Mon ami François me demande toujours : « tu ne t’ennuies pas sur le bateau ? ». Non, je ne m’ennuie pas. J’ai toujours quelque chose à faire. Ne serait-ce que contempler la nature. Et si je n’ai vraiment rien à faire, je rêvasse. Mais cette année, j’ai une nouvelle activité : j’apprends le breton.

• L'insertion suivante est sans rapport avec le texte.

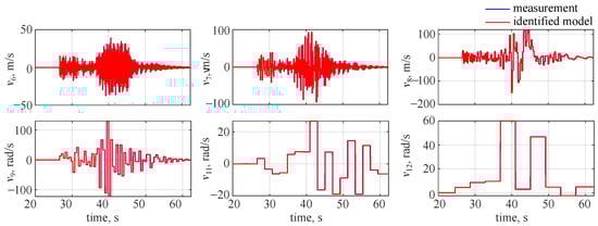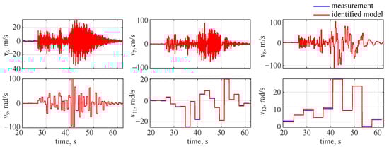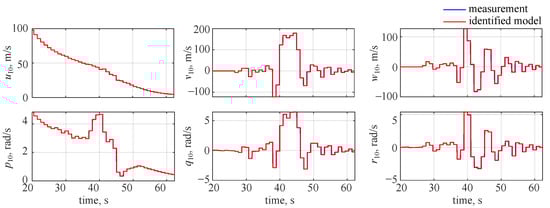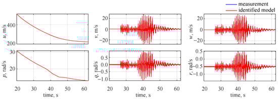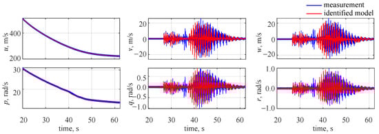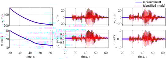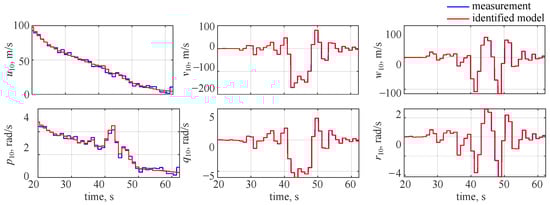 The identified and measured wavelet coefficients at the 10th level are shown in Figure 7, where blue lines denote the decomposed measured outputs and red lines stand for the estimated model. It can be seen that a very good visual match is observed and the only noticeable discrepancies can be seen for longitudinal velocity u and roll rate p. This comes from the fact that less variability was observed in those two flight parameters: the missile was flying at high velocity and spinning along the longitudinal axis with a significant roll rate. Thus, the reaction due to gasodynamic control was much less visible in the longitudinal velocity and roll rate.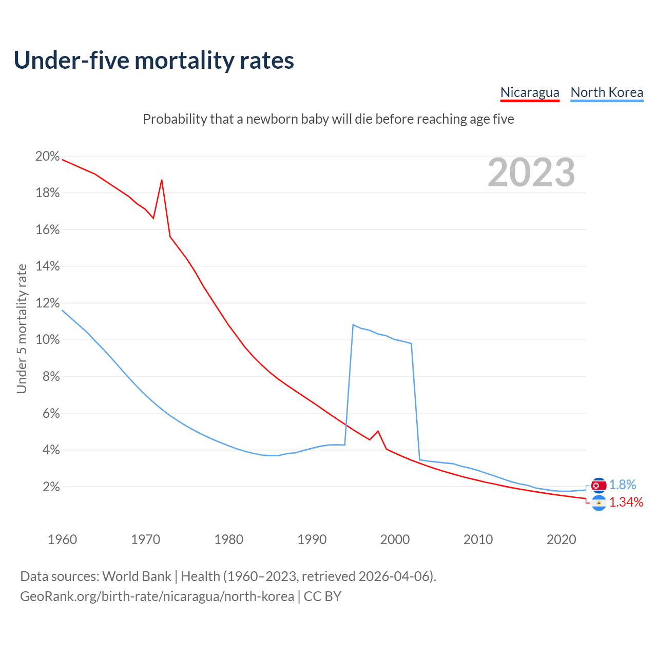 The chance that a newborn baby will die before reaching age five is 1.34% in Nicaragua and 1.8% in North Korea. Above is a chart with historical data on under-five mortality rates.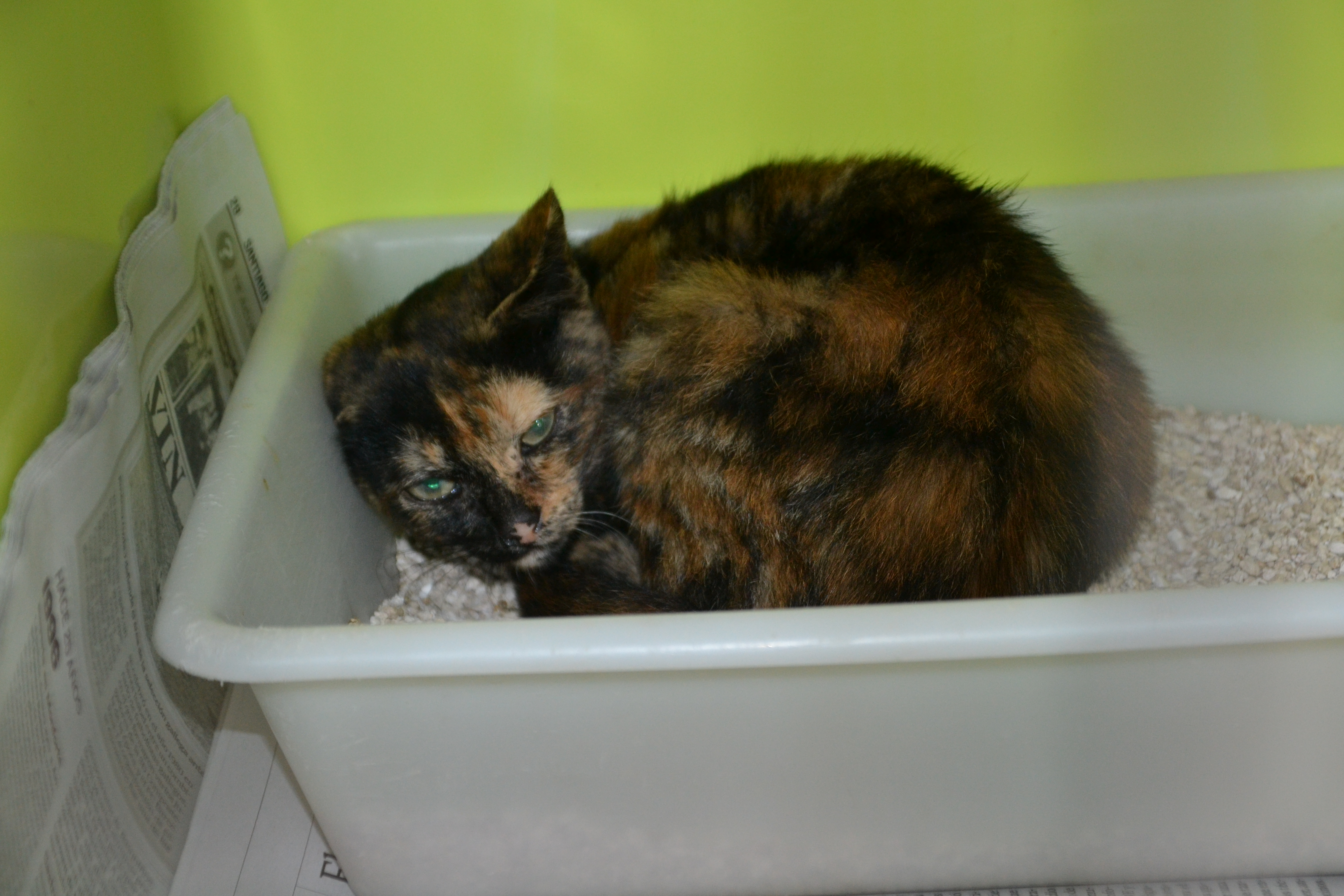 Recollido en Santiago de Compostela, chega moi feble.

Tout a commencé avec la danse. C’était en 2012, j’avais assisté à un spectacle d’Alan Stivell à l’Olympia et avais regardé, médusée, la salle danser en ronde ouverte entre les fauteuils. A la rentrée suivante, j’étais inscrite au cours de danse débutant à la Mission bretonne, le haut-lieu de la culture bretonne à Paris. Depuis l’envie de la danse ne m’a pas quittée.

Gavottes, ridées mais aussi andro et hanter dro. Avec les premiers cours de danse, quelques mots de breton sont devenus familiers à mon oreille. Puis dans les fest-noz, ces bals populaires où l’on danse sur des airs traditionnels, j’ai découvert les rondes dansées et le chant breton.

J’ai toujours eu le goût des langues : anglais, russe, même le latin m’avait passionnée au lycée. Adulte, j’ai rêvé d’apprendre l’italien. Mais sans chance aucune de le parler au quotidien, c’était peine perdue. J’ai donc décidé d’apprendre le breton et de faire ainsi un pas supplémentaire dans la découverte de la culture bretonne. Mes amis bretonnants, attendez-vous à ce que je vous casse les pieds à la rentrée pour la pratique.J’ai acheté la méthode Assimil et Jacques, soucieux de protéger sa tranquillité, m’a offert un casque haut de gamme pour que je puisse écouter et ré-écouter les dialogues enregistrés. Je consacre près d’une heure à ma leçon quotidienne et je ne saute pas de jour. Je recopie les dialogues dans un cahier, je consigne le vocabulaire, j’apprends les conjugaisons et les déclinaisons des prépositions. Le breton est une langue celtique, elle a des côtés exotiques pour moi et je découvre des catégories grammaticales inconnues.

Au début, je ne retenais presque rien mais petit à petit mon cerveau s’est dérouillé. Je répète en boucle les dialogues et j’ai l’air de parler toute seule. C’est le cas d’ailleurs et Jacques commence à s’y habituer maintenant que nous en sommes à notre troisième année de vie sur le bateau. Au début il pensait que je lui parlais tout le temps. En fait non, je me parle à moi-même. Sans risque de contradiction.

La leçon finie, je garde le casque sur la tête et j’écoute Beethoven ou Schubert ou Verdi, pour l’italien. Et je contemple la nature.